Organic solar cells (OSCs) have attracted extensive attention due to their advantages such as low cost, flexibility, light weight and simple fabrication.^1–4 Rapid progress has led to high power conversion efficiencies (PCE) of over 10% being achieved in single-junction OSCs.^5,6 Meanwhile, the stability, especially in an air atmosphere, becomes a key issue for their application.⁷ Compared with a conventional structure, inverted organic solar cells (i-OSCs) could improve the stability because of the application of high work-function metals (Ag, Au) as the anode.^8–12 Moreover, to achieve the inverted configuration, the indium tin oxide (ITO) cathode is modified by electron extraction materials, including metal oxides (ZnO, TiO₂),¹³ metal salts (CsF, Cs₂CO₃, C₁₇H₃₅COOCs),^14–16 and polyelectrolytes (PFN, PEI, PEIE).^17,18 Among these interfacial materials, TiO₂ attracts more attention due to its high chemical and thermal stability, hole blocking, and electron selectivity.¹⁹

TiO₂ can exist in one of three major bulk crystalline forms, rutile, anatase, and brookite; all of which can be described in terms of distorted TiO₆ octahedra with different symmetries or arrangements.²⁰ Among its three polymorphs, the brookite structure is not experimentally investigated as much as the others because brookite is a metastable phase with a complicated and low-symmetry structure; furthermore, the formation of brookite TiO₂ is almost always accompanied by the presence of secondary phases such as anatase and/or rutile.
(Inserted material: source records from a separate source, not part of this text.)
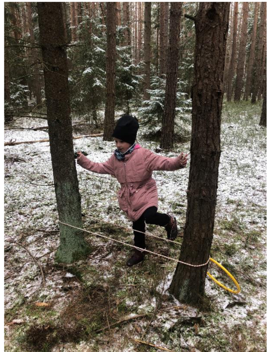
Obr. č. 31: Překážková dráha
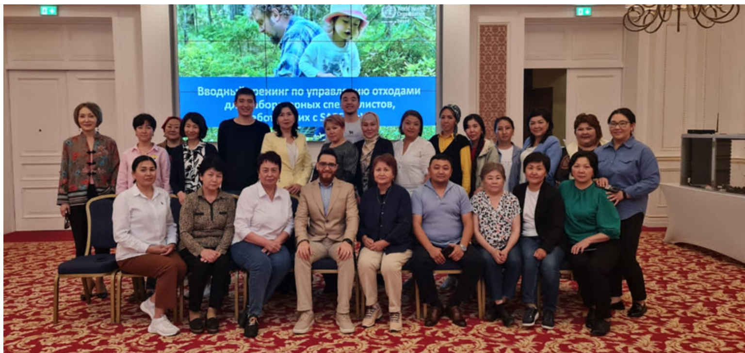
Тренинг по управлению медицинскими отходами в г. Бишкек, 12-13 мая 2022 года, г. Бишкек, Кыргызская Республика

С 12 по 13 мая 2022 г. ВОЗ провела тренинг по управлению медицинскими отходами для 21 участника. Тренинг был сосредоточен на стратегиях управления отходами и передовой практике в медицинских учреждениях для создания более безопасной среды и минимизации рисков в лабораториях. Участники продемонстрировали повышение уровня знаний на 13.5%, средний результат пре-теста составил 49.5%, а пост-теста увеличился до 63%. Тренинг был частью комплексного подхода к усилению мер биобезопасности в лабораториях.
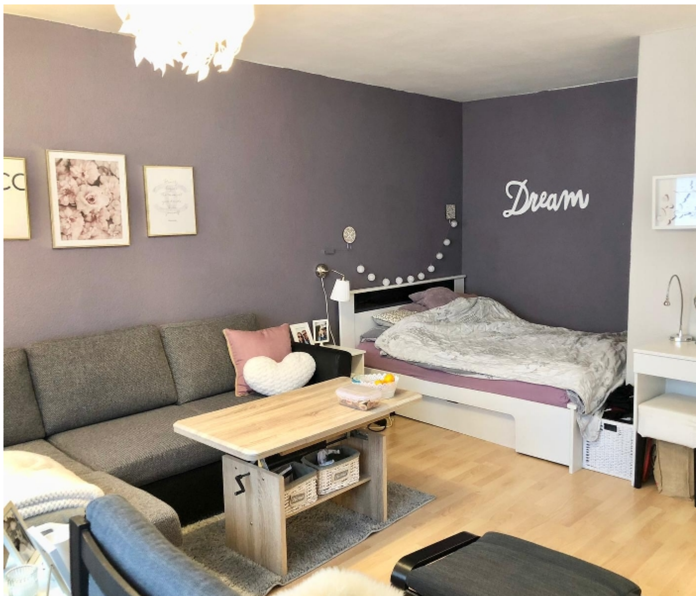
Wohnzimmer, Farb- und Einrichtungsmöglichkeit
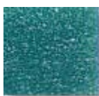
Verde Mar 2 (M.49)
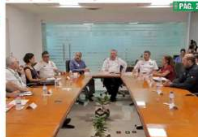
CD. LÁZARO CÁRDENAS, MICH.- Apilac y el Gobierno del Estado de Michoacán establecieron coordinación para proyectar al Puerto Lázaro Cárdenas.

Prevé gobierno estatal establecer padrón único Para atender a población en situación de vulnerabilidad PAG. 10
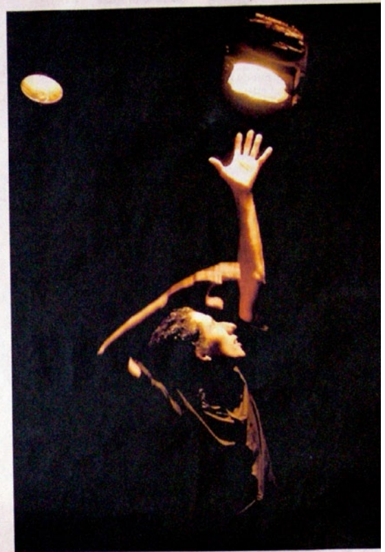
Le Privilège des chemins est de retour à Avignon après un premier passage remarqué en 2009.
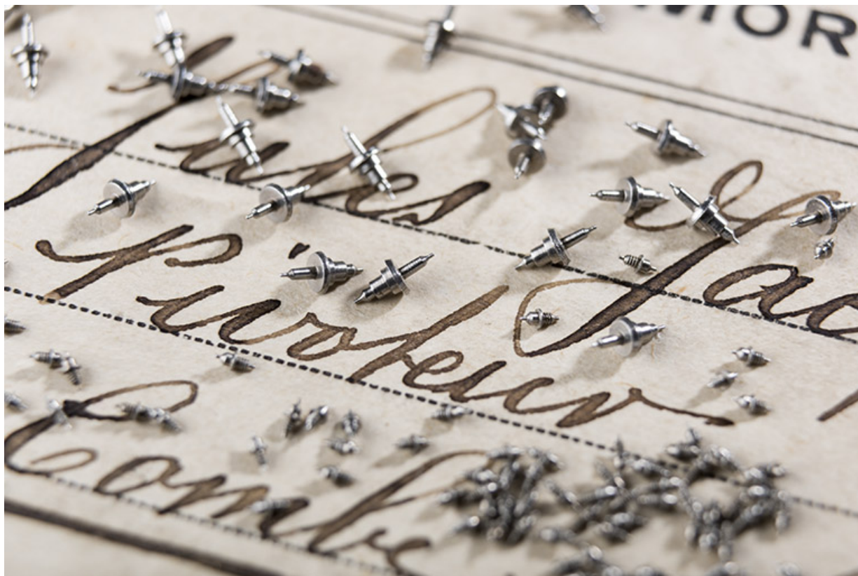
Axes de balancier destinés aux Ets Lambert Frères, de Villers-le-Lac (collection Jean-Claude Vuez, Villers-le-Lac). Le paquet porte l'inscription : "axes / 16" Dellémont / (Français) / Lambert Frères / 380-183".
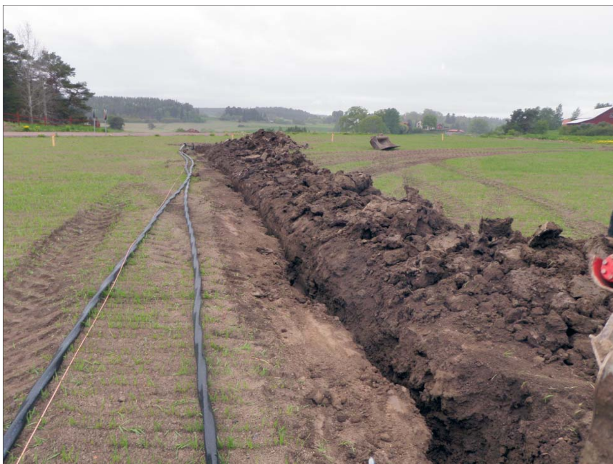
Figur 5. Pågående schaktning vid RAÄ 307. Schaktet sett mot söder med de registrerade boplatsen till vänster i bild. Endast jordbruksmark berördes.

Vid grävning av schaktet väster om RAÄ 307 framkom ingenting av arkeologiskt intresse i själva schaktet. Däremot observerades (liksom tidigare) att skärvig och skörbränd sten förekom i relativt stora mängder längre österut, på den som boplats registrerade ytan. Schaktet väster om Lilla Kolstads bytomt kom endast att beröra gammal åkermark och inget av arkeologiskt intresse framkom.
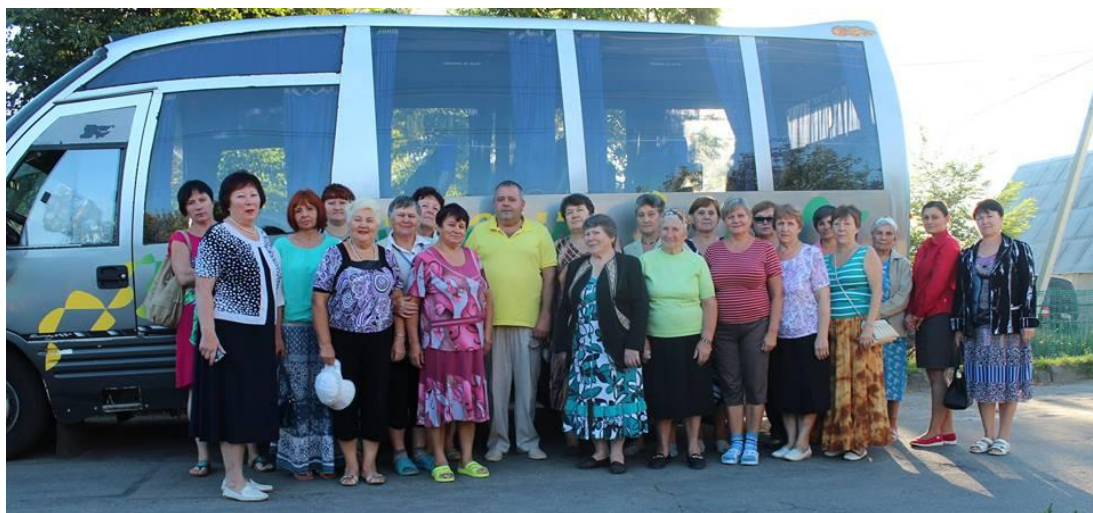
Подорож до жіночого храму у місті Лебедин.
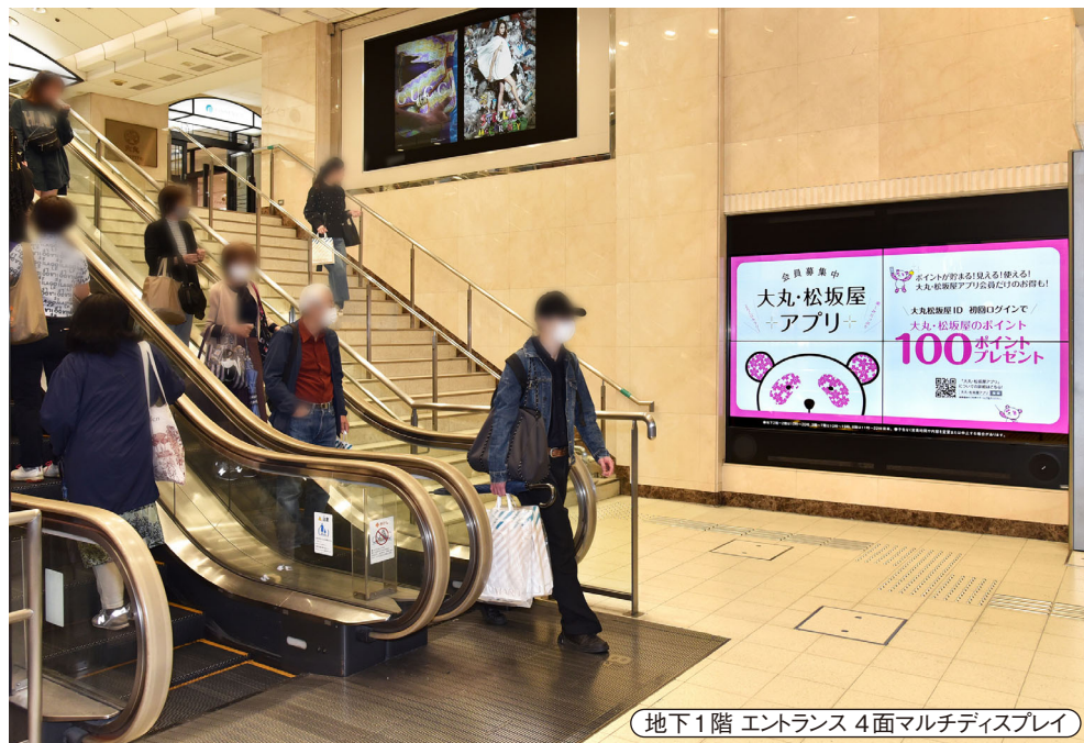
地下1階 エントランス 4面マルチディスプレイ

In comparison, rutile and anatase are the two most dominant polymorphs used in applications. Usually, anatase TiO₂ shows a higher photocatalytic activity due to its wider band gap than rutile TiO₂.²¹

The basic synthetic routes of TiO₂ nanomaterials and films have been reviewed by Chen and Sang,^20,22 including sol–gel, micelle, hydrothermal, solvothermal, sonochemical and microwave methods. Among these methods, the sol–gel method is a versatile route to fabricate amorphous or low crystalline TiO₂ nanomaterials or films at low temperature. However, the solar cells based on amorphous or low crystalline TiO₂ result in relatively low electron mobility and subsequently poor device performance.²³ Therefore, a sol–gel method combined with heat treatment was developed yielding advances for DSSCs. For example, Agarwala reported a series of methods to prepare TiO₂ films with high crystallinity and stable mesoporous structure, and improved performance of the DSSCs was achieved.^24–27

To obtain the crystalline TiO₂ nanomaterials or films with tunable crystal phases, one common method is annealing the spin-coated titanium precursors in different ranges of temperature. For example, anatase TiO₂ films can be obtained by annealing titanium isopropoxide at 400–500 °C.²⁸ Upon increasing the annealing temperature to 600 °C, phase transformation occurs and rutile TiO₂ films could be obtained.²⁹ These strategies above were well-developed in DSSCs. But in the case of OSCs, the electron extraction layer (EEL) requires a thin (usually below 50 nm) and condensed TiO₂ film for high electron mobility and high transmittance. The high-temperature calcination will cause large grain or particle size for the crystalline TiO₂. Meanwhile, the metal atoms (Ti, In, Sn) from ITO will diffuse into TiO₂ films during the calcination process, resulting in altered optical and electronic properties.³⁰ Therefore, the fabrication of the crystalline TiO₂ thin films at low temperature is required. With the development of the synthesis, the controllable size, phase and morphology of TiO₂ nanomaterials could be obtained by using surfactants and ligands with long alkyl chains. However, these capped surfactants or ligands on the surface of TiO₂ crystals may cause trapping of electrons in the EEL thus decreasing the PCE.³¹

Herein, we synthesized ligand-free rutile and anatase TiO₂ nanocrystals by using a hydrolytic sol–gel reaction, followed by a phase separation from the bulk solvent by gravity. These two kinds of TiO₂ nanocrystals with high purity are uniform in shape and can be well-dispersed in water. Due to the clean surface and excellent electron extraction property, the device based on anatase TiO₂ shows a significant enhancement in PCE compared with the devices based on rutile and amorphous TiO₂.

2. Experimental section

2.1 Materials

TiCl₃ (15.0–20.0% basis in 30% HCl) and ethyl alcohol (98%) were purchased from Aladdin. SnCl₄ (99.9%), titanium isopropoxide (TTIP, 97%), isopropyl alcohol (IPA, 99%), chlorobenzene (99%), and 1,8-diiodooctane (DIO, 98%) were purchased from Alfa Aesar. PTB7 was purchased from 1-Materials Inc. PC₇₁BM (99%) was purchased from Solenne BV Inc. All chemicals were used as received without further treatment.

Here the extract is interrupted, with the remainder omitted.